• Description of the task:
The listing below should be printed exactly, though its pictures must not be.

• Source data:
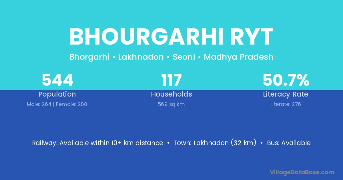 Lakhnadon (32 km) is the nearest town to Bhourgarhi Ryt village for major economic activities and is located approximately 32 km away.
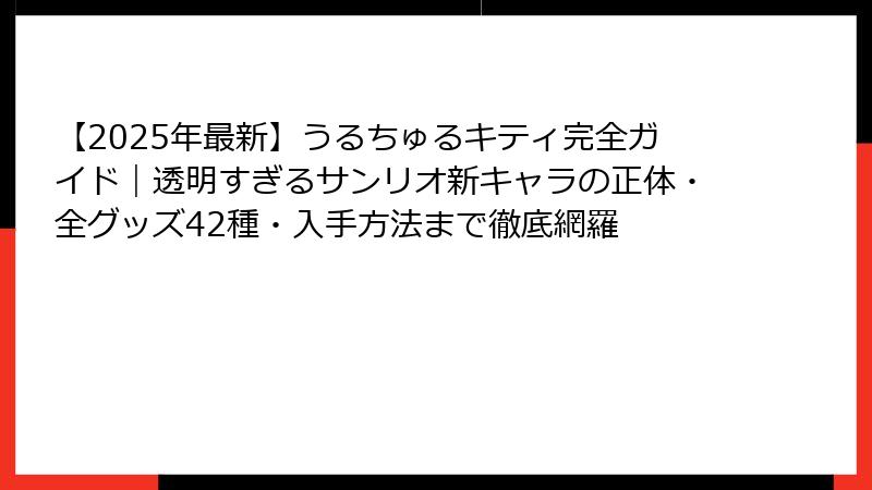 【2025年最新】うるちゅるキティ完全ガイド|透明すぎるサンリオ新キャラの正体・全グッズ42種・入手方法まで徹底網羅
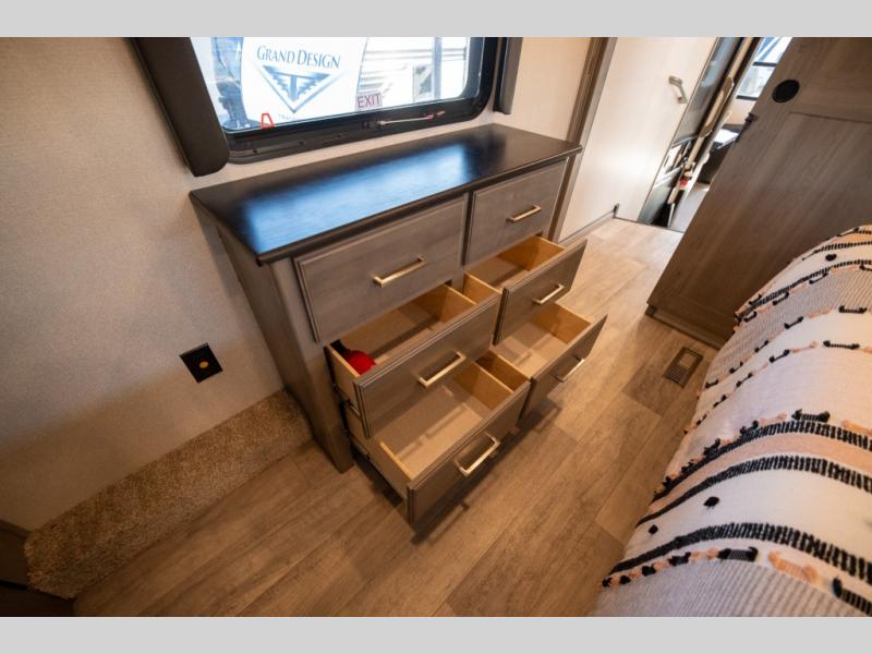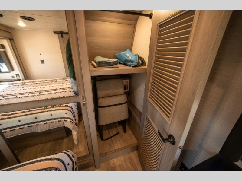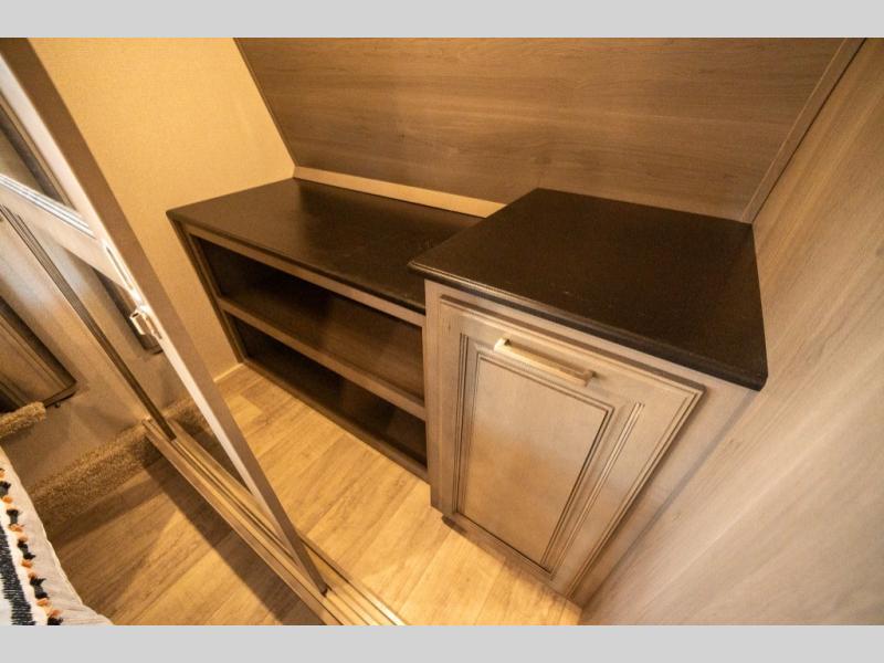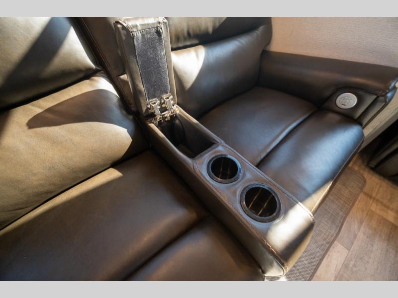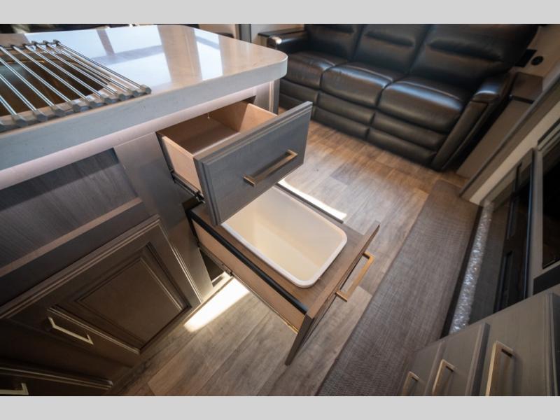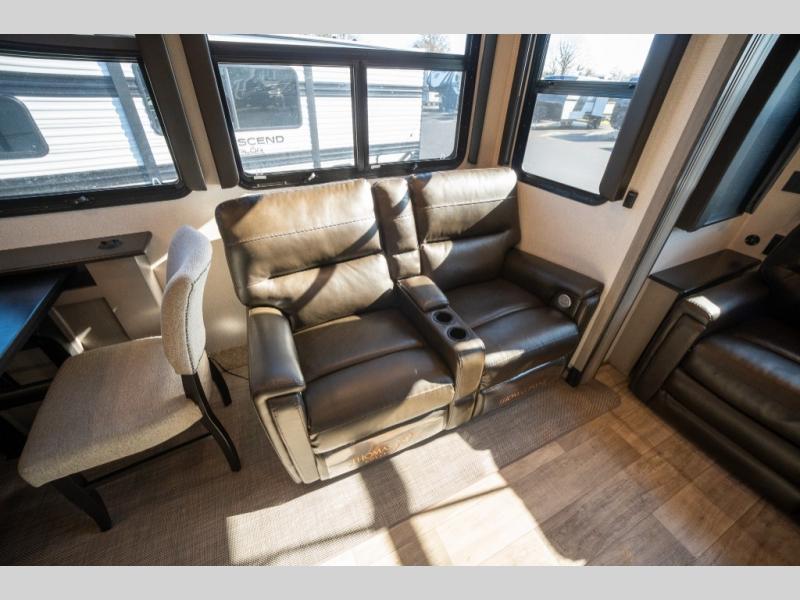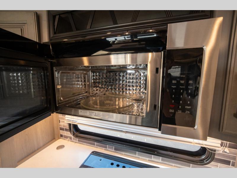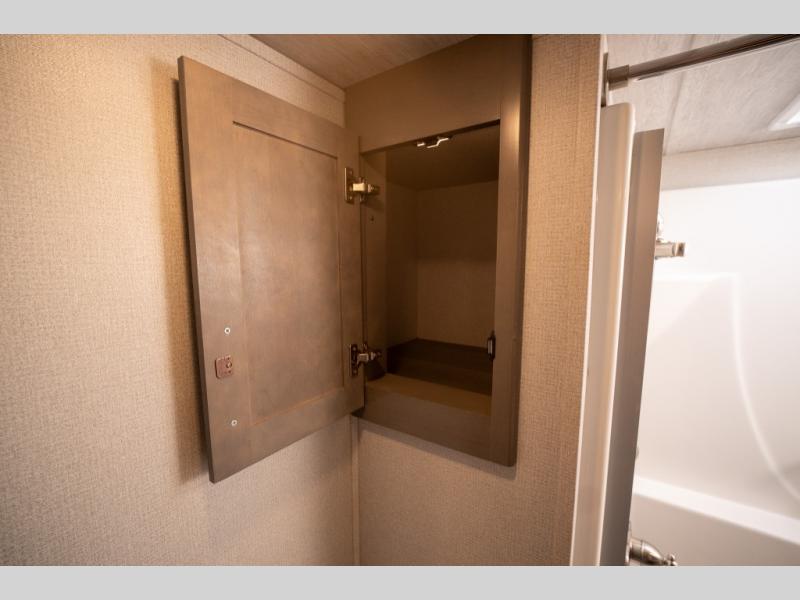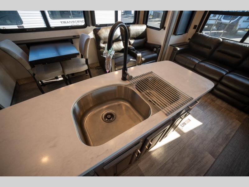 With this Montana fifth wheel, you can have adventures any time! The private bedroom has a barn door that closes it off from the rest of the unit, and the bedroom is fully equipped for comfort with a queen bed slide, a dresser with 32" LED HDTV, a clothing hamper, a huge closet, and an area prepped for the optional washer/dryer. The main living area is also going to feel exceptionally comfortable with its hide-a-bed sofa, power theater seating, fireplace, and 50" LED HDTV. As you spend your afternoon working on dinner, you'll appreciate that the large island provides you with additional prep space, and the coffee station is going to be a fun feature to use both in the morning and in the afternoon for a pick-me-up.

• Result for this task:
 Lakhnadon (32 km) is the nearest town to Bhourgarhi Ryt village for major economic activities and is located approximately 32 km away.
 【2025年最新】うるちゅるキティ完全ガイド|透明すぎるサンリオ新キャラの正体・全グッズ42種・入手方法まで徹底網羅
 With this Montana fifth wheel, you can have adventures any time! The private bedroom has a barn door that closes it off from the rest of the unit, and the bedroom is fully equipped for comfort with a queen bed slide, a dresser with 32" LED HDTV, a clothing hamper, a huge closet, and an area prepped for the optional washer/dryer. The main living area is also going to feel exceptionally comfortable with its hide-a-bed sofa, power theater seating, fireplace, and 50" LED HDTV. As you spend your afternoon working on dinner, you'll appreciate that the large island provides you with additional prep space, and the coffee station is going to be a fun feature to use both in the morning and in the afternoon for a pick-me-up.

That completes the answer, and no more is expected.